***
Kilka godzin wcześniej
***
-Miałaś rację - powiedziałem bez przywitania.
-Czasami wystarczy tylko otworzyć serce - uśmiechnęła się do mnie.
-Ale boję się, że ona się wystraszy, jak powiem jej prawdę... że ona mnie nie kocha.

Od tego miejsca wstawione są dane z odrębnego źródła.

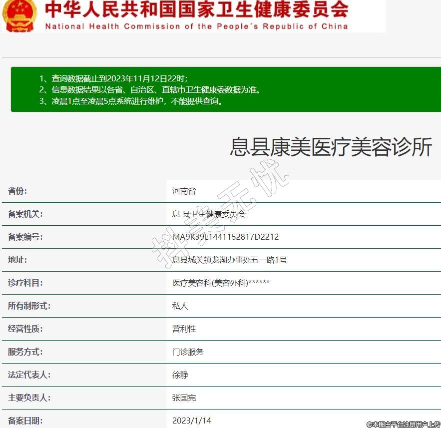 息縣康美醫(yī)療美容診所,診療科目:醫(yī)療美容科(美容外科)******
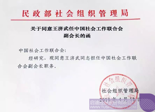 2018年4月,民政部社會(huì)組織管理局復(fù)函中國(guó)社會(huì)工作聯(lián)合會(huì),同意王濟(jì)武同志擔(dān)任中國(guó)社會(huì)工作聯(lián)合會(huì)副會(huì)長(zhǎng)職務(wù)。此任命經(jīng)中國(guó)社會(huì)工作聯(lián)合會(huì)宮蒲光會(huì)長(zhǎng)提名,中國(guó)社會(huì)工作聯(lián)合會(huì)黨委會(huì)決定。

-Raz już zaryzykowałeś i się udało.
-Ale Ty, to co innego.
-A moim zdaniem jedno i to samo. Nie bądź taki poważny.
-Ja nie poważny!? Wyobrażasz to sobie?
-Tak, bo kiedyś tak już było. - zniknęła.
Tym razem znalazłem się na łące, było tu przepięknie.
-<Dzięki Rukia, już wiem co mam zrobić.> - wysłałem myśli w stronę Watahy Miecza.
-Nie ma za co. Wiesz, ja nic nie zrobiłam, tylko Cię naprowadziłam na dobry tor - wyczułem wszech ogarniające mnie uczucie zadowolenia i troski.
-<Ale i tak ci dziękuję> - powolnym krokiem ruszyłem w stronę swojej jaskini.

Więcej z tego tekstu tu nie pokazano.